“Oh there’s no place like home for the holidays.” As I write this, I am on my way back to Georgia after visiting our family in Missouri for Thanksgiving. Ironically, I call both of these places “home”. I remember my mother-in-law getting on to my husband the first time he referred to college as “home”. “This will always be your home,” she said. And it is, yet it isn’t.
People say, “Home is where you hang your hat,” and “Home is where your heart is.” But what makes a place your home? And why do we become so nostalgic about home at the holiday season? I believe God put the concept of home in our hearts to prepare us for our ultimate home: heaven.
Reflections on Home:
1. We all want a place to call home.
Since getting married, I have moved a lot: a minimum of 11 homes and 7 towns in 20 years. From time to time, I reflect on where my home is: if I died now, where would I be buried? (Morbid, but true.) Where will our kids want to come back to after college? Have I put down roots anywhere? At times, I feel like a nomad settling in, collecting memories, packing up, and then moving on to the next place.
God in the Old Testament created for Himself a people in need of a permanent home. From the time he called Abraham to “go to a place…not knowing where he was going” (Hebrews 11:8), God’s people were essentially homeless. After hundreds of years and many providential events, God led His people out of Egypt and their wilderness wanderings into the Promised Land. The Israelites were a people who understood longing for home.
2. We should welcome others into our homes.

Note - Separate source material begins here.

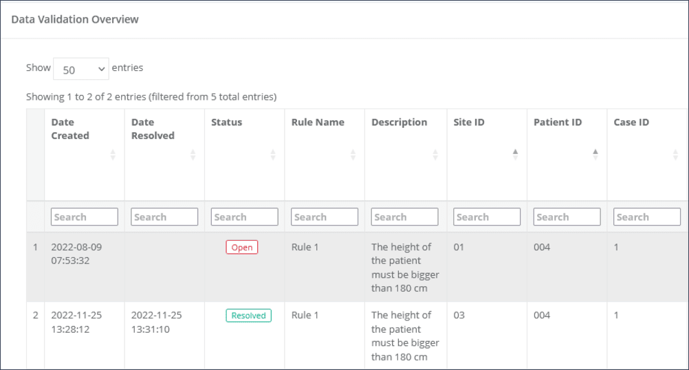 The “Data Validation Overview” is presented in form of a table. Each validation rule breach for each patient is presented in a single row with additional information of “Date created”, “Date Resolved” (if applicable) and a “Status” of the rule breach (Figure 2).

The idea that the Israelites should obey God and treat strangers with kindness because He led them to this Promised Land is a major theme throughout the Old Testament. Look at the Ten Commandments in Exodus 20:2: “I am the Lord your God who brought you out of the land of Egypt.” God prefaces His laws with a reminder of the hospitality He showed the Israelites. In Leviticus 19:33-34 the Bible says, “When a stranger resides with you in your land, you shall not do him wrong. The stranger who resides with you shall be as the native among you, and you shall love him as yourself, for you were aliens in the land of Egypt; I am the Lord your God.” Earlier in the same chapter, we read about the laws of leaving some grain for the poor to glean, the laws that Boaz practiced to save the poor widows, Ruth and Naomi.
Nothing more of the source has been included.